我昏昏沉沉睡了过去。
不知过了多久,我睁开眼,自己莫名其妙出现在一间农村土屋里,躺在土炕上。
我有点傻,不明白为什么身在此处。愣了一会儿才坐起来,揉揉脑袋,想起自己是在梦里。随手摸了摸土炕,有冰冰凉的触感,十分逼真。
我靠,这是梦?
别说陈光宇陈大师有两下子,真带我入梦了。
不行,得赶紧找到吴雨潇。
我能预感到女孩现在陷入到了一个很诡异的境地里,要不然也不会怎么都醒不过来。
对了,山精在哪,最好能联系上它。
我在心中默念山精的名字,它始终没有出现,那种不安感越来越强烈。
我推开门,外面是一户庄稼院,四面土墙,天空泛着尿黄色,看不到太阳。
这个梦怎么如此压抑?
忽然间,我感觉有点不太对劲的地方,摸着下巴思考,这个不对劲儿的地方很关键,到底是什么呢?

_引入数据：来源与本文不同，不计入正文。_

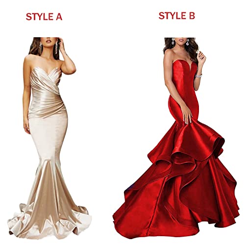 Womens Mermaid Prom Dress Sweetheart Long Satin Evening Gown with Ruffles 1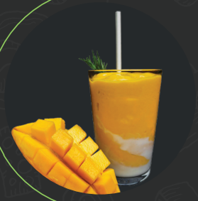 Refreshing yogurt-based drink blended with ripe mangoes Allergen: Milk, Nuts (Pistachios).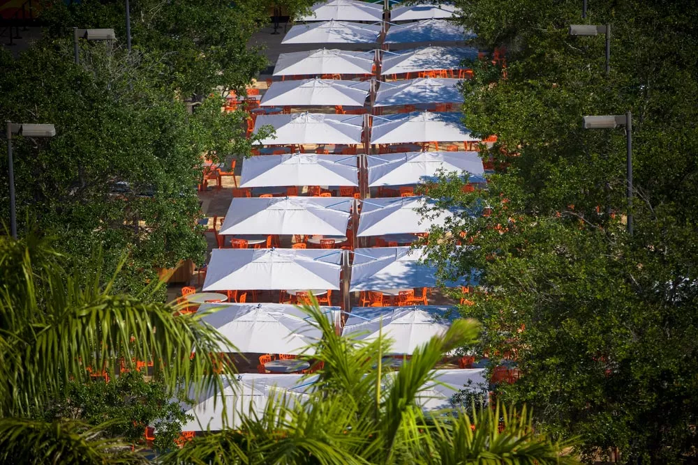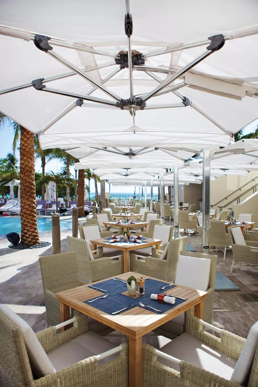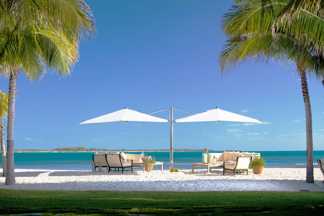 Im Ocean Master MAX Dual Cantilever Classic™ von TUUCI trifft Kunst auf Technik und verbindet beide auf harmonische Weise zu einer Schattenkomposition. Der exquisite Doppelschirm bietet großzügigen, luxuriösen Schatten, dank dem zwei eigene Outdoor-Wohnbereiche unter nur einem Sonnenschirm Platz finden – unterbrechungsfreier Schatten nach Maß. Dank des 4:1-Tandem-Einholkurbelsystems lässt sich der Dual Cantilever sehr einfach bedienen. Die einzelne Kurbel öffnet gleitend beide Schattenspender und sorgt so für freien Durchgang und unterbrechungsfreie Atmosphäre. Dank des extrem robusten Drehpunkts aus gefrästem Aluminium mit automatischem Teleskopmast kann die Bespannung mühelos über Tischen und Stühlen geschlossen werden.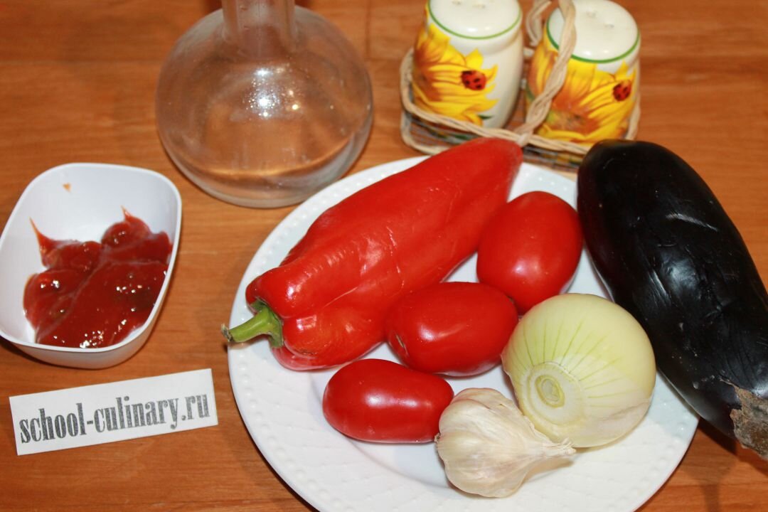 Рагу из баклажанов открывает новые горизонты в домашней кулинарии. За счет нейтральности главного героя в блюдо можно добавлять любимые овощи и даже фрукты. Очень вкусно получается, если скомбинировать баклажанчики с яблоками и морковью с луком. Но сегодня в составе блюда будет паприка, томаты, лучок и чесночок. Простой состав и понятная процедура приготовления сделают рагу популярным в категории быстрых рецептов. Ингредиенты: Приготовление Паприку, баклажаны, томаты моем. Луковицу и чесночные зубчики очищаем и ополаскиваем. Как уже упоминалось, набор овощей может быть любым, так как с баклажанами хорошо сочетаются все овощи. Выбираем, ориентируясь на свои предпочтения и ассортимент холодильника. Лук режем так, как нравится. Могут быть кольца, полукольца или кусочки. В сковородку наливаем подсолнечное масло, кладем лучок и жарим его до прозрачности 4-7 минут. Все овощи режем кубиками средней величины. С томатов можно снять кожицу, а баклажаны замочит в соленой воде на 20 минут. Но эт

正琢磨着,突然肩膀被拍,冷不丁来这么一下,吓得我差点没跳起来。
转头回去看,眼前是一个红色长衣的女人,黑色头发披散,手里拄着一柄红色大伞。
这个女人像是活生生从噩梦里爬出来的。
“你,你是陈光宇的助手?”我问。
她点点头没有说话,做了个手势,示意我跟着她走。
也罢,梦里东南西北都分不清,不如跟着她走,看看她有什么办法。
我跟着她走到了村口,到这里我就震住了,村口都是老百姓,穿着破破烂烂,腰里扎着麻绳。
这些老百姓跪了满满一地,似乎在等待着什么。
远了看,是一条崎岖的山路,绕过一道悬崖,后面的区域就看不见了。
“什么意思这是?”
红衣女人似乎是个哑巴,用手做着手势,我看的心烦,“你到底能不能行?”
话音刚落,远远的悬崖后面,隐隐传来唢呐声。
唢呐极为尖锐刺耳,隔着老远就能听见。伴随着声音,山崖后面冒出一阵朦朦胧胧的薄雾。
红衣女人突然照着我的腿弯就是一脚,我站立不稳,跪摔在地上。
她蹲下来,用红伞罩着我,手在不停地比划。比划着山路,几个手指头交替在地上走动,然后又指指我,进入到这几个手指头里。
也多亏了我冰雪聪明,大概看明白了,低声说:“你的意思是一会儿那里来人,让我进这些人里?”
红衣女人捣蒜一样点头,朝我竖了个大拇指,意思是说的对,夸赞我聪明。
我还是一肚子疑惑,不明白是什么意思。红衣女人做了个奇怪的举动,把红伞交给我,然后又做了个遮挡眼睛的手势。
我恍然:“你的意思是,只要拿着这把红伞,那些人就看不到我?”
她又是捣蒜一样点头。
这时山间雾气越来越浓,唢呐的声音更加嘹亮,听来格外渗人。
我再一转头,红衣女人踪迹不见。